_REQUIREMENT_: Each record is to be written out exactly as it appears.

:::

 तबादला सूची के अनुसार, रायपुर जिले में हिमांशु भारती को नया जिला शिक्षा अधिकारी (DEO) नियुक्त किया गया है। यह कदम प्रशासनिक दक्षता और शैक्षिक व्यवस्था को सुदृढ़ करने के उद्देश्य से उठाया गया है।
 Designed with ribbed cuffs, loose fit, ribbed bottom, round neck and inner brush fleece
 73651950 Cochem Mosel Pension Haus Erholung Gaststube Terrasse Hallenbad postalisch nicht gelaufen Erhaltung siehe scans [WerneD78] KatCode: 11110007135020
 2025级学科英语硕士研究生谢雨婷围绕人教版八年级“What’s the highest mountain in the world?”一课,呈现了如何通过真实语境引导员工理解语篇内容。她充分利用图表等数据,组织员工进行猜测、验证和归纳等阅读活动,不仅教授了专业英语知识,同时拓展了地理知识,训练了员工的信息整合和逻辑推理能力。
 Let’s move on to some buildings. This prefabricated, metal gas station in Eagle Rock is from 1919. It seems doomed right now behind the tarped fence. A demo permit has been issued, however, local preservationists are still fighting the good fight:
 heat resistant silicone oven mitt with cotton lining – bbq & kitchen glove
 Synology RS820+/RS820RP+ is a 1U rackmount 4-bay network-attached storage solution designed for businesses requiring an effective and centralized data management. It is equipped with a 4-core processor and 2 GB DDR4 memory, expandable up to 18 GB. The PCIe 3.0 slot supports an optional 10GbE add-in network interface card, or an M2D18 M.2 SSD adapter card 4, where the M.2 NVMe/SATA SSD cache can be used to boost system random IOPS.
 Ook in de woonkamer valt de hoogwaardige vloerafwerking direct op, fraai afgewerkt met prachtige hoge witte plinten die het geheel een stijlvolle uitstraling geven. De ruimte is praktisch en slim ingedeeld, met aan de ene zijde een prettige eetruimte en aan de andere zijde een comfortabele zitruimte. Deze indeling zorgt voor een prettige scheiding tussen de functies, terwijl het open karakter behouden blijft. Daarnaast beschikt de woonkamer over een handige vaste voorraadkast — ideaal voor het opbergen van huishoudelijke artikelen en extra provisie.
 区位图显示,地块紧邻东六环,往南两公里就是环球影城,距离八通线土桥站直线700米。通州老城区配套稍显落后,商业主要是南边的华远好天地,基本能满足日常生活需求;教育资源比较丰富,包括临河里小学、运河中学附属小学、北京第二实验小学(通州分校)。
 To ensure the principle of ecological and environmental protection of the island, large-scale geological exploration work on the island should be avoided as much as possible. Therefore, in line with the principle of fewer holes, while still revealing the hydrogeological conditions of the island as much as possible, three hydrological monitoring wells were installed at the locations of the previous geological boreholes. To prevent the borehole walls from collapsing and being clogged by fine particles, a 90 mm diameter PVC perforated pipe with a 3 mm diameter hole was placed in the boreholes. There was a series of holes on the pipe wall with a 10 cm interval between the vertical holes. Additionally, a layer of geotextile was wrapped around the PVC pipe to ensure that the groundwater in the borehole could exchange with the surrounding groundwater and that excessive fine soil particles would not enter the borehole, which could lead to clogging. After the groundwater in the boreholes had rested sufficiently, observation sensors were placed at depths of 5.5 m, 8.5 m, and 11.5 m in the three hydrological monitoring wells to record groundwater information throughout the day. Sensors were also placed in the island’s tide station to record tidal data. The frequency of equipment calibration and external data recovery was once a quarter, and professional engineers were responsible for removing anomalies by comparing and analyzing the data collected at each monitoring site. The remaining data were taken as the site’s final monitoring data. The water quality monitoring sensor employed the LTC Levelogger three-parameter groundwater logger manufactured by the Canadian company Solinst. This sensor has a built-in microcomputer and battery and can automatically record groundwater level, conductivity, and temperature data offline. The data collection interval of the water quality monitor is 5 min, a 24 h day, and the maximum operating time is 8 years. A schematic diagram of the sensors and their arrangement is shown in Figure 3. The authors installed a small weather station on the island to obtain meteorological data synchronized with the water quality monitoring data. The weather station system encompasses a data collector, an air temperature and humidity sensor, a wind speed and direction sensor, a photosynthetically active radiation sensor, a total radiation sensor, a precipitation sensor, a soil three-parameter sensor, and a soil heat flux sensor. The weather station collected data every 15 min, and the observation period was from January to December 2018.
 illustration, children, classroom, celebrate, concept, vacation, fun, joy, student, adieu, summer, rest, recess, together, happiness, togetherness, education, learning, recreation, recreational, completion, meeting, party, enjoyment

:::

_YOUR RESPONSE_:
 तबादला सूची के अनुसार, रायपुर जिले में हिमांशु भारती को नया जिला शिक्षा अधिकारी (DEO) नियुक्त किया गया है। यह कदम प्रशासनिक दक्षता और शैक्षिक व्यवस्था को सुदृढ़ करने के उद्देश्य से उठाया गया है।
 Designed with ribbed cuffs, loose fit, ribbed bottom, round neck and inner brush fleece
 73651950 Cochem Mosel Pension Haus Erholung Gaststube Terrasse Hallenbad postalisch nicht gelaufen Erhaltung siehe scans [WerneD78] KatCode: 11110007135020
 2025级学科英语硕士研究生谢雨婷围绕人教版八年级“What’s the highest mountain in the world?”一课,呈现了如何通过真实语境引导员工理解语篇内容。她充分利用图表等数据,组织员工进行猜测、验证和归纳等阅读活动,不仅教授了专业英语知识,同时拓展了地理知识,训练了员工的信息整合和逻辑推理能力。
 Let’s move on to some buildings. This prefabricated, metal gas station in Eagle Rock is from 1919. It seems doomed right now behind the tarped fence. A demo permit has been issued, however, local preservationists are still fighting the good fight:
 heat resistant silicone oven mitt with cotton lining – bbq & kitchen glove
 Synology RS820+/RS820RP+ is a 1U rackmount 4-bay network-attached storage solution designed for businesses requiring an effective and centralized data management. It is equipped with a 4-core processor and 2 GB DDR4 memory, expandable up to 18 GB. The PCIe 3.0 slot supports an optional 10GbE add-in network interface card, or an M2D18 M.2 SSD adapter card 4, where the M.2 NVMe/SATA SSD cache can be used to boost system random IOPS.
 Ook in de woonkamer valt de hoogwaardige vloerafwerking direct op, fraai afgewerkt met prachtige hoge witte plinten die het geheel een stijlvolle uitstraling geven. De ruimte is praktisch en slim ingedeeld, met aan de ene zijde een prettige eetruimte en aan de andere zijde een comfortabele zitruimte. Deze indeling zorgt voor een prettige scheiding tussen de functies, terwijl het open karakter behouden blijft. Daarnaast beschikt de woonkamer over een handige vaste voorraadkast — ideaal voor het opbergen van huishoudelijke artikelen en extra provisie.
 区位图显示,地块紧邻东六环,往南两公里就是环球影城,距离八通线土桥站直线700米。通州老城区配套稍显落后,商业主要是南边的华远好天地,基本能满足日常生活需求;教育资源比较丰富,包括临河里小学、运河中学附属小学、北京第二实验小学(通州分校)。
 To ensure the principle of ecological and environmental protection of the island, large-scale geological exploration work on the island should be avoided as much as possible. Therefore, in line with the principle of fewer holes, while still revealing the hydrogeological conditions of the island as much as possible, three hydrological monitoring wells were installed at the locations of the previous geological boreholes. To prevent the borehole walls from collapsing and being clogged by fine particles, a 90 mm diameter PVC perforated pipe with a 3 mm diameter hole was placed in the boreholes. There was a series of holes on the pipe wall with a 10 cm interval between the vertical holes. Additionally, a layer of geotextile was wrapped around the PVC pipe to ensure that the groundwater in the borehole could exchange with the surrounding groundwater and that excessive fine soil particles would not enter the borehole, which could lead to clogging. After the groundwater in the boreholes had rested sufficiently, observation sensors were placed at depths of 5.5 m, 8.5 m, and 11.5 m in the three hydrological monitoring wells to record groundwater information throughout the day. Sensors were also placed in the island’s tide station to record tidal data. The frequency of equipment calibration and external data recovery was once a quarter, and professional engineers were responsible for removing anomalies by comparing and analyzing the data collected at each monitoring site. The remaining data were taken as the site’s final monitoring data. The water quality monitoring sensor employed the LTC Levelogger three-parameter groundwater logger manufactured by the Canadian company Solinst. This sensor has a built-in microcomputer and battery and can automatically record groundwater level, conductivity, and temperature data offline. The data collection interval of the water quality monitor is 5 min, a 24 h day, and the maximum operating time is 8 years. A schematic diagram of the sensors and their arrangement is shown in Figure 3. The authors installed a small weather station on the island to obtain meteorological data synchronized with the water quality monitoring data. The weather station system encompasses a data collector, an air temperature and humidity sensor, a wind speed and direction sensor, a photosynthetically active radiation sensor, a total radiation sensor, a precipitation sensor, a soil three-parameter sensor, and a soil heat flux sensor. The weather station collected data every 15 min, and the observation period was from January to December 2018.
 illustration, children, classroom, celebrate, concept, vacation, fun, joy, student, adieu, summer, rest, recess, together, happiness, togetherness, education, learning, recreation, recreational, completion, meeting, party, enjoyment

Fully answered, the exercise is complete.